Montreuil embraced and spoke to me in kindness and in praise. He assured me that you had kept your wedding so close a secret that he knew it not, nor did even Desmarais, till the evening before,—till after he had proposed that I should visit Isora that very day. I know not, I care not, whether he was sincere in this. In whatever way one line in the dread scroll of his conduct be read, the scroll was written in guile, and in blood was it sealed. I appeared not to notice Montreuil or his accomplice any more. The latter left the house first. Montreuil stole forth, as he thought, unobserved; he was masked, and in complete disguise. I, too, went forth. I hastened to a shop where such things were procured; I purchased a mask and cloak similar to the priest’s. I had heard Montreuil agree with Desmarais that the door of the house should be left ajar, in order to give greater facility to the escape of the former; I repaired to the house in time to see Montreuil enter it. A strange, sharp sort of cunning, which I had never known before, ran through the dark confusion of my mind. I waited for a minute, till it was likely that Montreuil had gained your chamber; I then pushed open the door, and ascended the stairs. I met no one; the moonlight fell around me, and its rays seemed to me like ghosts, pale and shrouded, and gazing upon me with wan and lustreless eyes. I know not how I found your chamber, but it was the only one I entered. I stood in the same room with Isora and yourself: ye lay in sleep; Isora’s face—O God! I know no more—no more of that night of horror—save that I fled from the house reeking with blood,—a murderer,—and the murderer of Isora!

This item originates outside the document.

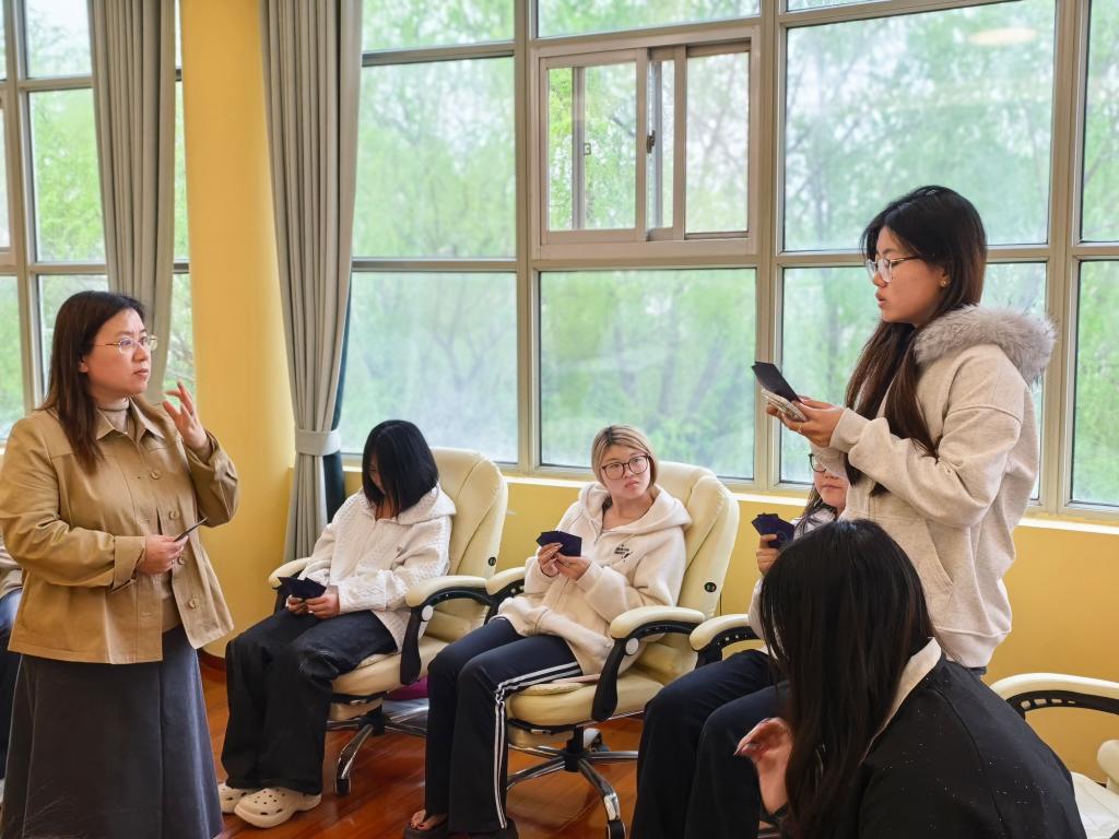 王静借助睡眠卡,让同学们抽取改善睡眠的方法,并鼓励大家相互交流、分享抽到的睡眠策略,在众多方法中探寻适合自己的专属方案。同学们积极发言,在轻松的氛围中共同探讨解决睡眠问题的方法。

Then came a long, long dream. I was in a sea of blood,—blood-red was the sky, and one still, solitary star that gleamed far away with a sickly and wan light was the only spot, above and around, which was not of the same intolerable dye. And I thought my eyelids were cut off, as those of the Roman consul are said to have been, and I had nothing to shield my eyes from that crimson light, and the rolling waters of that unnatural sea. And the red air burned through my eyes into my brain, and then that also, methought, became blood; and all memory,—all images of memory,—all idea,—wore a material shape and a material colour, and were blood too. Everything was unutterably silent, except when my own shrieks rang over the shoreless ocean, as I drifted on. At last I fixed my eyes—the eyes which I might never close—upon that pale and single star; and after I had gazed a little while, the star seemed to change slowly—slowly—until it grew like the pale face of that murdered girl, and then it vanished utterly, and all was blood!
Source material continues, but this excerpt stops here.